+++ Information provided +++

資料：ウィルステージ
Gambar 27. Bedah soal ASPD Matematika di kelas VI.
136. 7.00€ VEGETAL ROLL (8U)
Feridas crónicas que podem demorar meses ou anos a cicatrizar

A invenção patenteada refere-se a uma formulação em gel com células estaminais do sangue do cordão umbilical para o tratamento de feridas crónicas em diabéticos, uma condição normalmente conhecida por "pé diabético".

+++
+++ Information provided +++

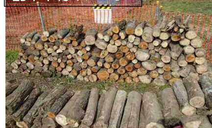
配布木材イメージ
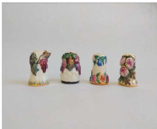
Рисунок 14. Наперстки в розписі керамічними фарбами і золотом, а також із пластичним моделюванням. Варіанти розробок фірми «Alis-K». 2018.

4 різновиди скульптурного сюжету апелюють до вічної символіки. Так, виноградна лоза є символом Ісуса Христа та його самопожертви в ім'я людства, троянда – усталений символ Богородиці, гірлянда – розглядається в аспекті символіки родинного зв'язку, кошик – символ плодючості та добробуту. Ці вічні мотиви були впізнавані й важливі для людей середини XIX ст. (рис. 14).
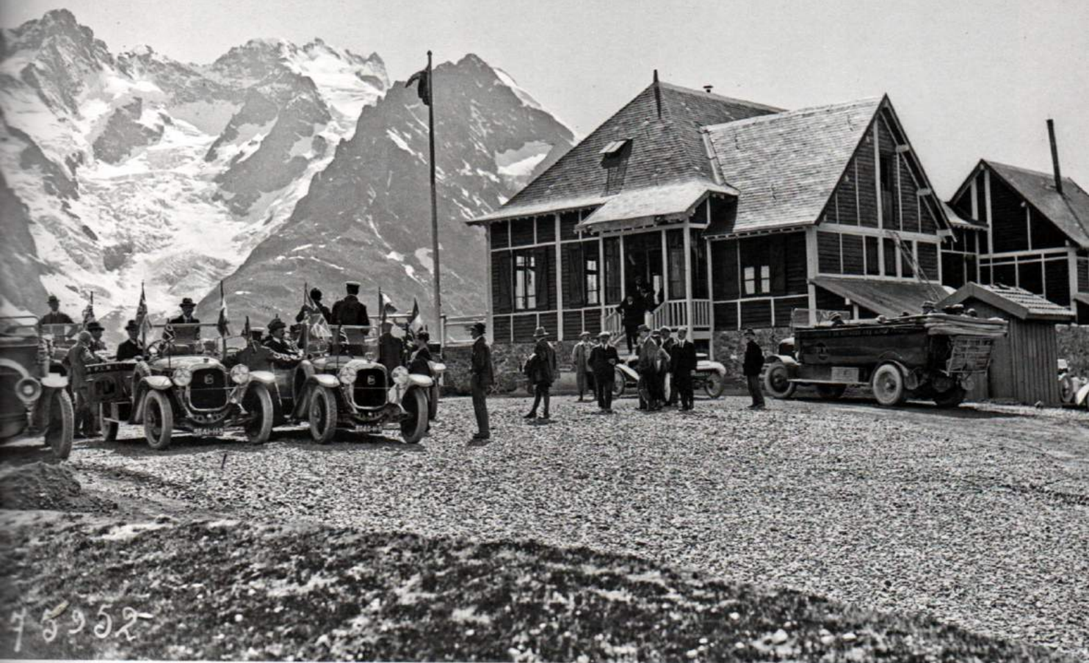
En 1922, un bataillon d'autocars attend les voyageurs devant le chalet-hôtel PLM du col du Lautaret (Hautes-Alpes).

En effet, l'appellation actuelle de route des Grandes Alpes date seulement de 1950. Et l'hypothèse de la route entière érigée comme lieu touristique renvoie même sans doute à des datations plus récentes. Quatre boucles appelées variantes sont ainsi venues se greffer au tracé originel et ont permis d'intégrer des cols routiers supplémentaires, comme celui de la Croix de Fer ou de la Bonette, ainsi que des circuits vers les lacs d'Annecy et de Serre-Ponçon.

+++

Brief: An exact copy of the lines above, from the one containing "136. 7.00€ VEGETAL ROLL (8U)" through the one containing "A invenção patenteada", is the whole of the answer.

Task response:
136. 7.00€ VEGETAL ROLL (8U)
Feridas crónicas que podem demorar meses ou anos a cicatrizar

A invenção patenteada refere-se a uma formulação em gel com células estaminais do sangue do cordão umbilical para o tratamento de feridas crónicas em diabéticos, uma condição normalmente conhecida por "pé diabético".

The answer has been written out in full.